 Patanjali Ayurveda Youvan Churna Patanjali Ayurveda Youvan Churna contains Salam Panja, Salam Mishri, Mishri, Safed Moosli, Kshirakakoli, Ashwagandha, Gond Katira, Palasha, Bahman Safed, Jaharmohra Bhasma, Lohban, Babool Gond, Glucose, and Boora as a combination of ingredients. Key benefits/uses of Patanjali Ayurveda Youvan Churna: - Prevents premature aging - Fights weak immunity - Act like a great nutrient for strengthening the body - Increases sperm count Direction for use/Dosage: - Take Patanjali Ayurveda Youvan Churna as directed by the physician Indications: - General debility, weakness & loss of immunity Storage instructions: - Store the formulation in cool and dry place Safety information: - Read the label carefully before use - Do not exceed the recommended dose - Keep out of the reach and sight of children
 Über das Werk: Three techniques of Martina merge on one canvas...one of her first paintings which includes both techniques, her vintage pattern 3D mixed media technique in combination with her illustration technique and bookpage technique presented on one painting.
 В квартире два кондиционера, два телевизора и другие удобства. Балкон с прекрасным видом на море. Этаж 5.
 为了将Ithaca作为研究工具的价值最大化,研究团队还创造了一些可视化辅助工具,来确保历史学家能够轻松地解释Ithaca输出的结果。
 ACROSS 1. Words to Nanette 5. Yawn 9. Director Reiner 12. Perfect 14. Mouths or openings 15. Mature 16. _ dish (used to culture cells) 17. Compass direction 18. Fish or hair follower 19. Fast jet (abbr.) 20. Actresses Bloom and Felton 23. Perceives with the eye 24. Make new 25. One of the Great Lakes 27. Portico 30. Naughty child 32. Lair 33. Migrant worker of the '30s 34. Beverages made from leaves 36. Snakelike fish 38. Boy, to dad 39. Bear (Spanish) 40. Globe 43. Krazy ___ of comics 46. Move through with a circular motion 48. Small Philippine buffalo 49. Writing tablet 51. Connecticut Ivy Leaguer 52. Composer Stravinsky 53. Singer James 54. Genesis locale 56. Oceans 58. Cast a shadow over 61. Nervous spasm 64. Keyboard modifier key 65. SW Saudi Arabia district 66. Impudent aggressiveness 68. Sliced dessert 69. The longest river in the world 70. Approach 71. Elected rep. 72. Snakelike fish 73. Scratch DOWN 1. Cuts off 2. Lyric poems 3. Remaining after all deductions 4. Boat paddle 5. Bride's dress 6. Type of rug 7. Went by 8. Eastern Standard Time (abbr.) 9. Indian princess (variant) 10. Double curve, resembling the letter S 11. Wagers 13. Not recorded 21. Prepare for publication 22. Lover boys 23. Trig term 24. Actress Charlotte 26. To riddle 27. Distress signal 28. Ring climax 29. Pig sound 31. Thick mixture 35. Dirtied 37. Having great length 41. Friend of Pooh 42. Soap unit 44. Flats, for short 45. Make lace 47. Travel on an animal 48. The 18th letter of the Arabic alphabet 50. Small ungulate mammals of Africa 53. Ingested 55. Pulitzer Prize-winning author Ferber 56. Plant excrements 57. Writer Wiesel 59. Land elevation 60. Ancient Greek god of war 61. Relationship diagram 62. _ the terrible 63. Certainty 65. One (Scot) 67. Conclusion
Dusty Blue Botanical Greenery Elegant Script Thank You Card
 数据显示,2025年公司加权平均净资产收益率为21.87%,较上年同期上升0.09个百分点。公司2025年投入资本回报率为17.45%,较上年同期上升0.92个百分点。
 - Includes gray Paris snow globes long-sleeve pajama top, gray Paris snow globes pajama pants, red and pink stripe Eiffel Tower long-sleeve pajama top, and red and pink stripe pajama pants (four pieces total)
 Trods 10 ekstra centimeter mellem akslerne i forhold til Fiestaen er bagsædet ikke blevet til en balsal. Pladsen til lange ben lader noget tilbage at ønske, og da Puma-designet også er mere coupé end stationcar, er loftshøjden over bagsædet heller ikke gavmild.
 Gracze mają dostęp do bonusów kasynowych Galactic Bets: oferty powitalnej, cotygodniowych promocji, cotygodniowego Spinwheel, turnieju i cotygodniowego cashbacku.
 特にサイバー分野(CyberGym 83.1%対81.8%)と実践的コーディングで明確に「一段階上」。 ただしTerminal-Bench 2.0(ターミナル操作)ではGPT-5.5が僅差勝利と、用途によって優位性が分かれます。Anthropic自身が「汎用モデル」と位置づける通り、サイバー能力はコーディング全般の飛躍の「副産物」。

---

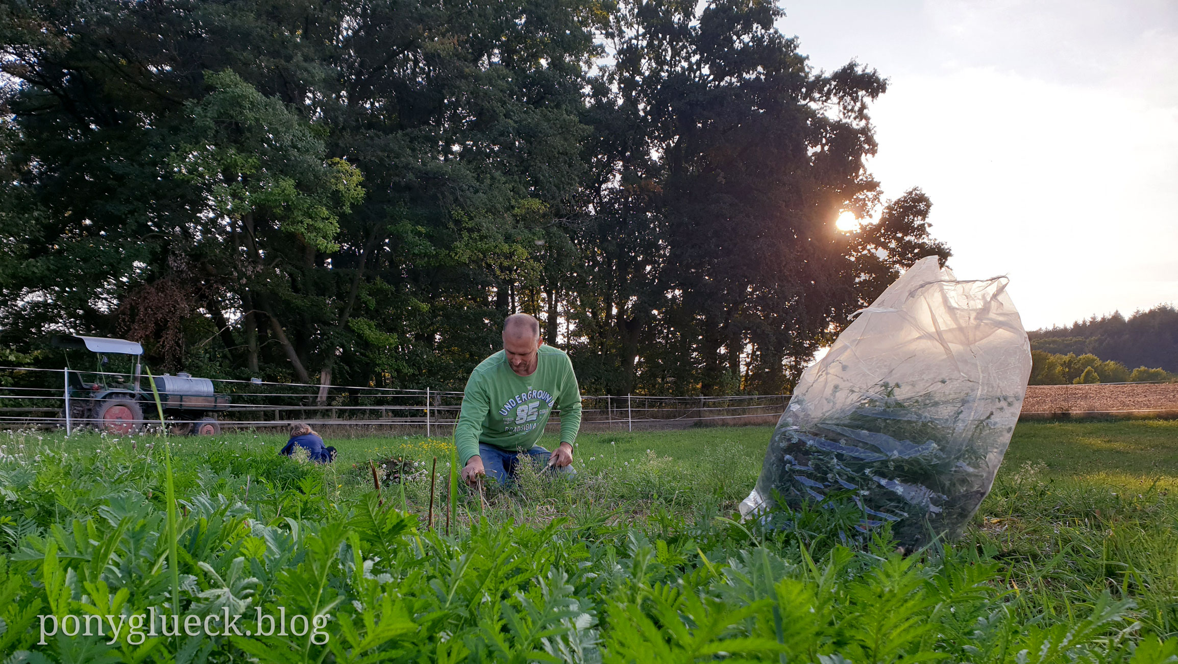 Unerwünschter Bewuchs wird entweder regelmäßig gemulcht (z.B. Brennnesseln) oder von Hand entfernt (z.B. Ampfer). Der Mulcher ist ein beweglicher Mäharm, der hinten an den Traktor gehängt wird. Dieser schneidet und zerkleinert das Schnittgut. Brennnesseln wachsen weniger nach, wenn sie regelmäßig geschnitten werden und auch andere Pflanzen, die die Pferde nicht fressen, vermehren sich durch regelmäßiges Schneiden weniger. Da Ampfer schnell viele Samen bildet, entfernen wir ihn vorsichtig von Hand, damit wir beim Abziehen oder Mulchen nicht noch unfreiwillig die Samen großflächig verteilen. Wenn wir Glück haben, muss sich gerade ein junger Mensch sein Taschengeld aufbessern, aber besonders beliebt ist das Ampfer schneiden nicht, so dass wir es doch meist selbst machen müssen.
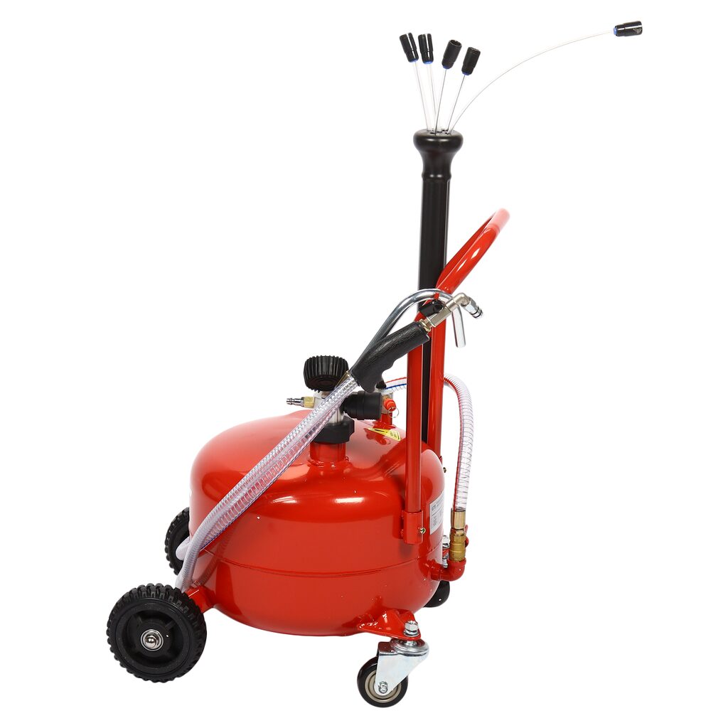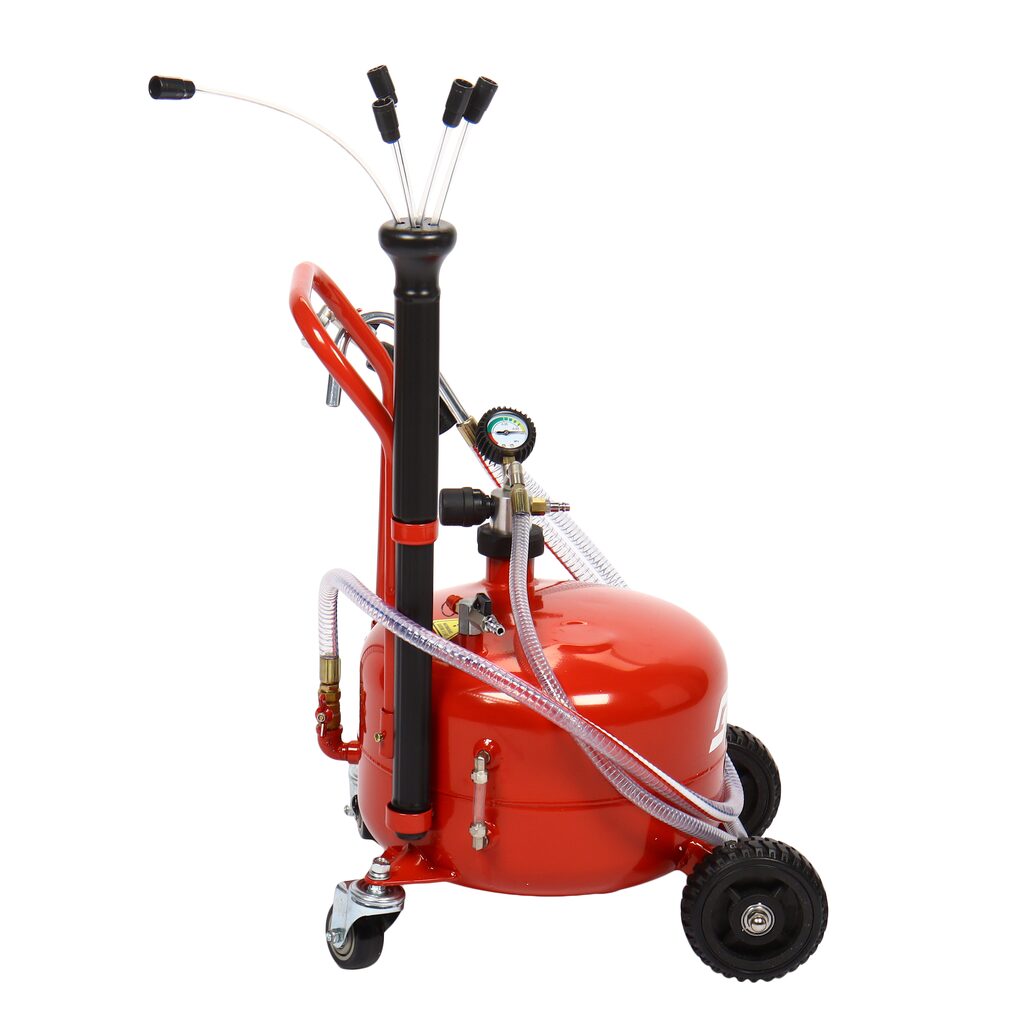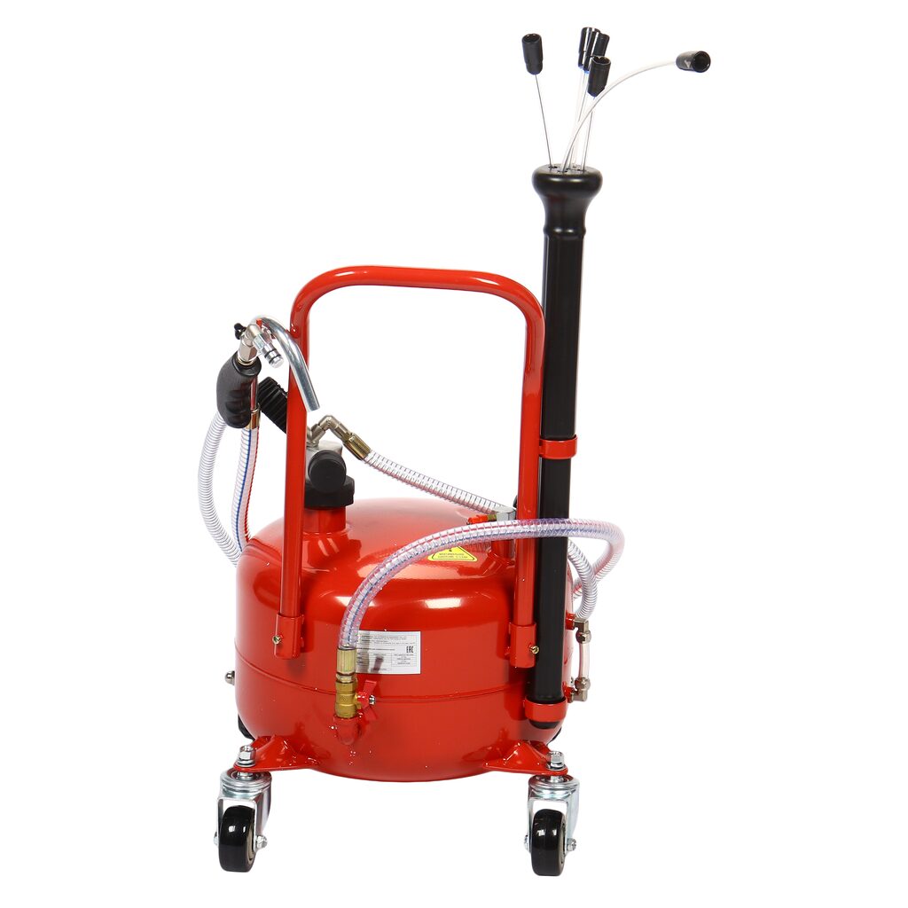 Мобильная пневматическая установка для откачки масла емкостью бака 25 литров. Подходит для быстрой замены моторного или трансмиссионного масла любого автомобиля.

Problem requirements – The records are given above. Copy each line in them that holds "over".

Result for this exercise –
 ACROSS 1. Words to Nanette 5. Yawn 9. Director Reiner 12. Perfect 14. Mouths or openings 15. Mature 16. _ dish (used to culture cells) 17. Compass direction 18. Fish or hair follower 19. Fast jet (abbr.) 20. Actresses Bloom and Felton 23. Perceives with the eye 24. Make new 25. One of the Great Lakes 27. Portico 30. Naughty child 32. Lair 33. Migrant worker of the '30s 34. Beverages made from leaves 36. Snakelike fish 38. Boy, to dad 39. Bear (Spanish) 40. Globe 43. Krazy ___ of comics 46. Move through with a circular motion 48. Small Philippine buffalo 49. Writing tablet 51. Connecticut Ivy Leaguer 52. Composer Stravinsky 53. Singer James 54. Genesis locale 56. Oceans 58. Cast a shadow over 61. Nervous spasm 64. Keyboard modifier key 65. SW Saudi Arabia district 66. Impudent aggressiveness 68. Sliced dessert 69. The longest river in the world 70. Approach 71. Elected rep. 72. Snakelike fish 73. Scratch DOWN 1. Cuts off 2. Lyric poems 3. Remaining after all deductions 4. Boat paddle 5. Bride's dress 6. Type of rug 7. Went by 8. Eastern Standard Time (abbr.) 9. Indian princess (variant) 10. Double curve, resembling the letter S 11. Wagers 13. Not recorded 21. Prepare for publication 22. Lover boys 23. Trig term 24. Actress Charlotte 26. To riddle 27. Distress signal 28. Ring climax 29. Pig sound 31. Thick mixture 35. Dirtied 37. Having great length 41. Friend of Pooh 42. Soap unit 44. Flats, for short 45. Make lace 47. Travel on an animal 48. The 18th letter of the Arabic alphabet 50. Small ungulate mammals of Africa 53. Ingested 55. Pulitzer Prize-winning author Ferber 56. Plant excrements 57. Writer Wiesel 59. Land elevation 60. Ancient Greek god of war 61. Relationship diagram 62. _ the terrible 63. Certainty 65. One (Scot) 67. Conclusion
 Trods 10 ekstra centimeter mellem akslerne i forhold til Fiestaen er bagsædet ikke blevet til en balsal. Pladsen til lange ben lader noget tilbage at ønske, og da Puma-designet også er mere coupé end stationcar, er loftshøjden over bagsædet heller ikke gavmild.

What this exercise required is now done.